[Items from a dataset]
((
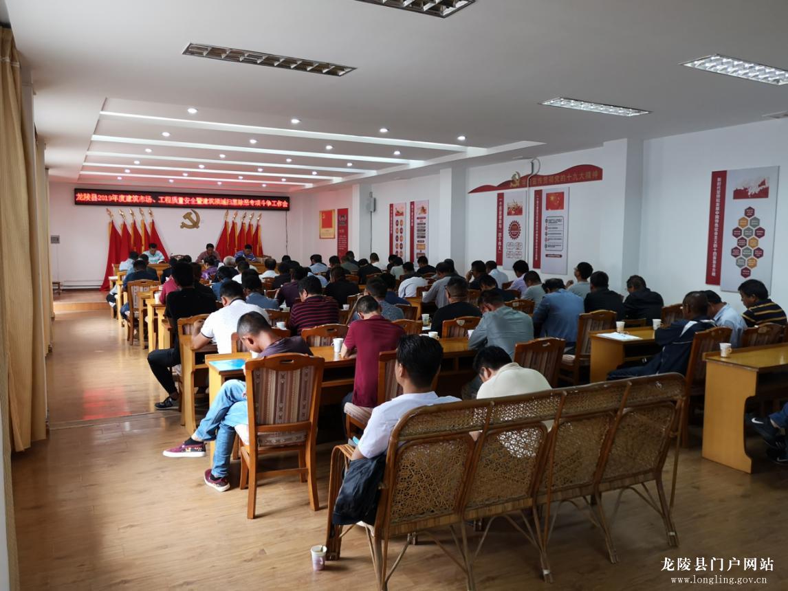 龙陵县建设工程质量安全监督站站长梅自霖同志通报了2018年度及2019年一季度全省房屋和市政工程领域安全生产事故情况和我县2018年房屋和市政工程质量安全生产工作情况,并对建设、施工、监理、检测等参建各方责任主体在工程建设过程中存在的主要问题进行了通报。紧接着,梅自霖同志就当前质量安全及扫黑除恶工作进行了详细安排、部署,要求各建筑施工、监理及房地产开发企业严格按照今年各项工作目标、任务认真开展安全工程三年行动、工程质量安全提升行动、查大风险防大事故百日行动、安全生产大检查行动、汛期安全生产工作、“安全月”“质量月”活动、危大工程管理,及扫黑除恶等工作。
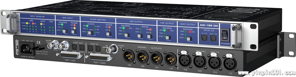 该款ADI-192 DD转换器是由3款支持24比特解析度的8通道格式转换器组成的。其所支持的3种输出格式(ADAT、TDIF和AES)可以通过3种相同的输入格式分别进入。
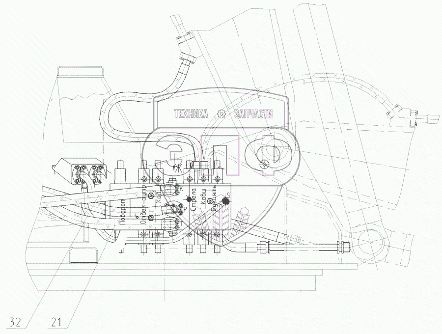 Каталог запасных частей к технике: ЭКСМАШ E190WH. Трубопроводы на поворотной платформе
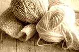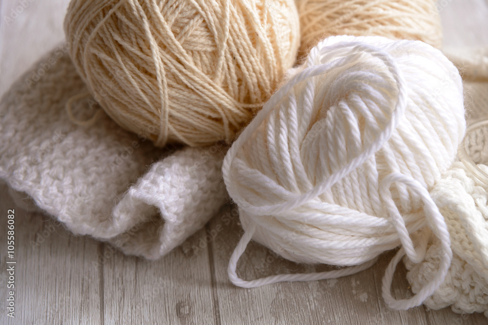 white and beige balls of yarn and knitting needles
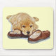 cute puppy golden retriever dog cuddling slippers mouse pad
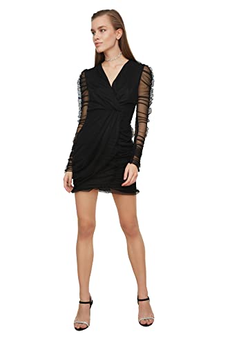 Trendyol Kvinnors deformerad Anvelop tyllklänning klänning, svart, 36
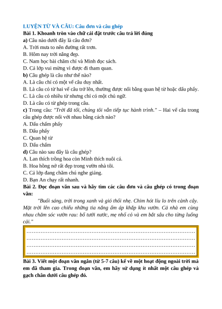 LUYỆN TỪ VÀ CÂU: Câu đơn và câu ghép
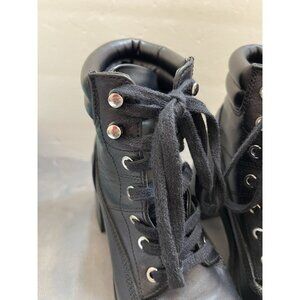 Zara Grunge Goth Bikercore black platform stack-heeled lace-up combat boots 39 8
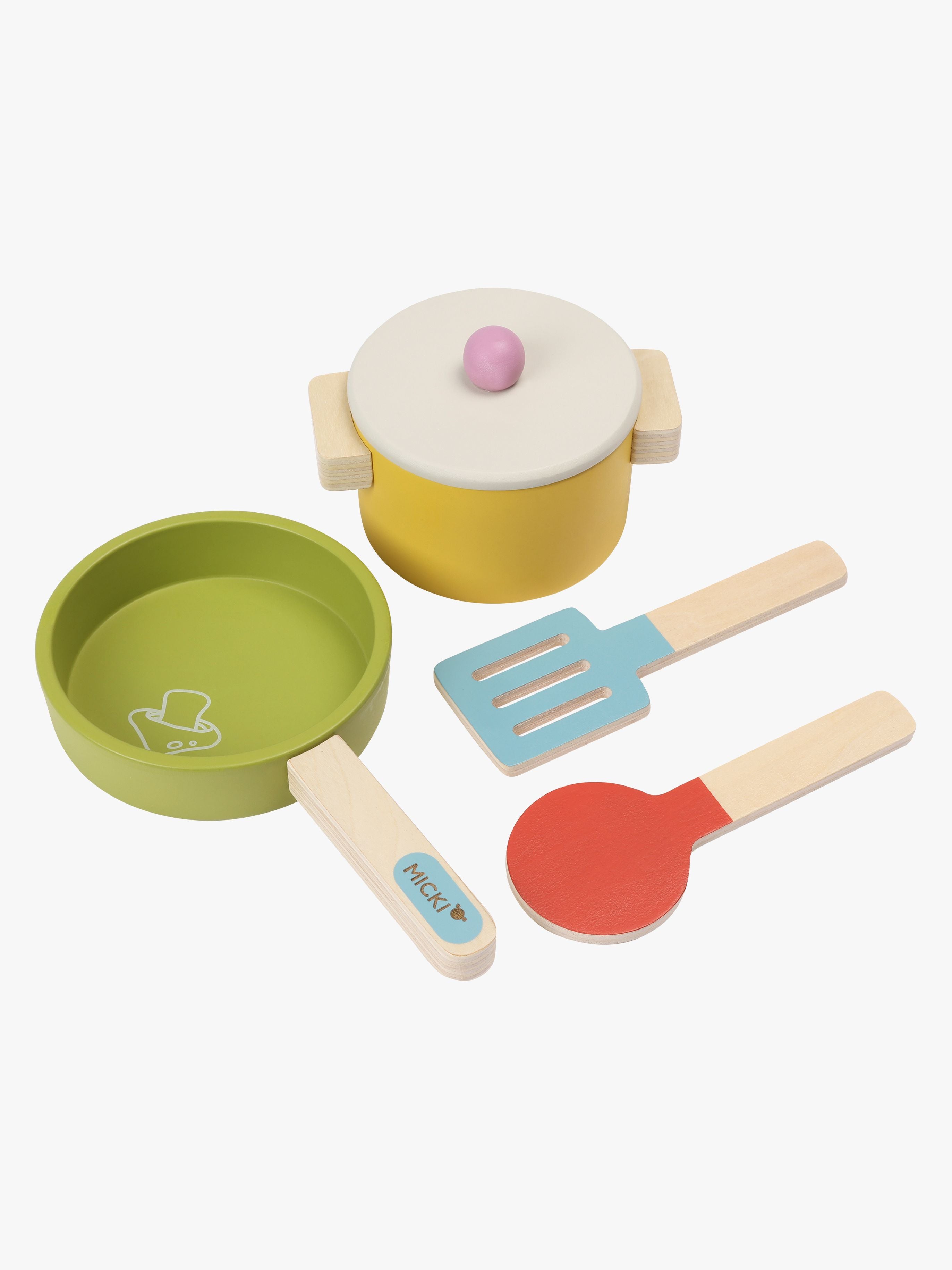 Fint køkkensæt fra Micki. Perfekt til timevis af fantasifuld leg. - Indeholder: 1 gryde, 1 stegepande, 1 ske, 1 paletkniv. - Klassisk design. - Sjove motiver. - CE-mærket. - Anbefalet alder: Fra 3 år.
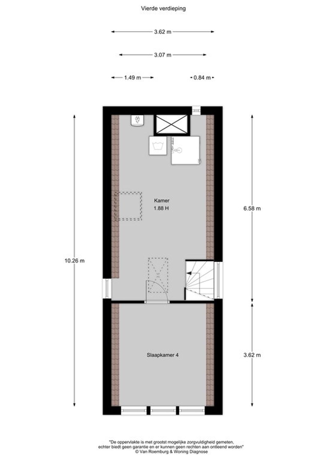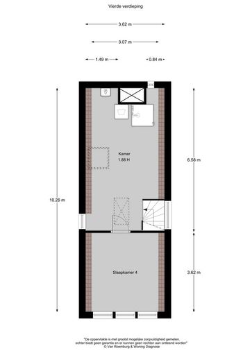 Vierde verdieping: circa 31 m², plafondhoogte circa 1,88 meter;
))
EXERCISE ▸ Print all entries exactly; skip the pictures.

SOLUTION TO THIS PROBLEM ▸
 龙陵县建设工程质量安全监督站站长梅自霖同志通报了2018年度及2019年一季度全省房屋和市政工程领域安全生产事故情况和我县2018年房屋和市政工程质量安全生产工作情况,并对建设、施工、监理、检测等参建各方责任主体在工程建设过程中存在的主要问题进行了通报。紧接着,梅自霖同志就当前质量安全及扫黑除恶工作进行了详细安排、部署,要求各建筑施工、监理及房地产开发企业严格按照今年各项工作目标、任务认真开展安全工程三年行动、工程质量安全提升行动、查大风险防大事故百日行动、安全生产大检查行动、汛期安全生产工作、“安全月”“质量月”活动、危大工程管理,及扫黑除恶等工作。
 该款ADI-192 DD转换器是由3款支持24比特解析度的8通道格式转换器组成的。其所支持的3种输出格式(ADAT、TDIF和AES)可以通过3种相同的输入格式分别进入。
 Каталог запасных частей к технике: ЭКСМАШ E190WH. Трубопроводы на поворотной платформе
 white and beige balls of yarn and knitting needles
 cute puppy golden retriever dog cuddling slippers mouse pad
 Trendyol Kvinnors deformerad Anvelop tyllklänning klänning, svart, 36
 LUYỆN TỪ VÀ CÂU: Câu đơn và câu ghép
 Zara Grunge Goth Bikercore black platform stack-heeled lace-up combat boots 39 8
 Fint køkkensæt fra Micki. Perfekt til timevis af fantasifuld leg. - Indeholder: 1 gryde, 1 stegepande, 1 ske, 1 paletkniv. - Klassisk design. - Sjove motiver. - CE-mærket. - Anbefalet alder: Fra 3 år.
 Vierde verdieping: circa 31 m², plafondhoogte circa 1,88 meter;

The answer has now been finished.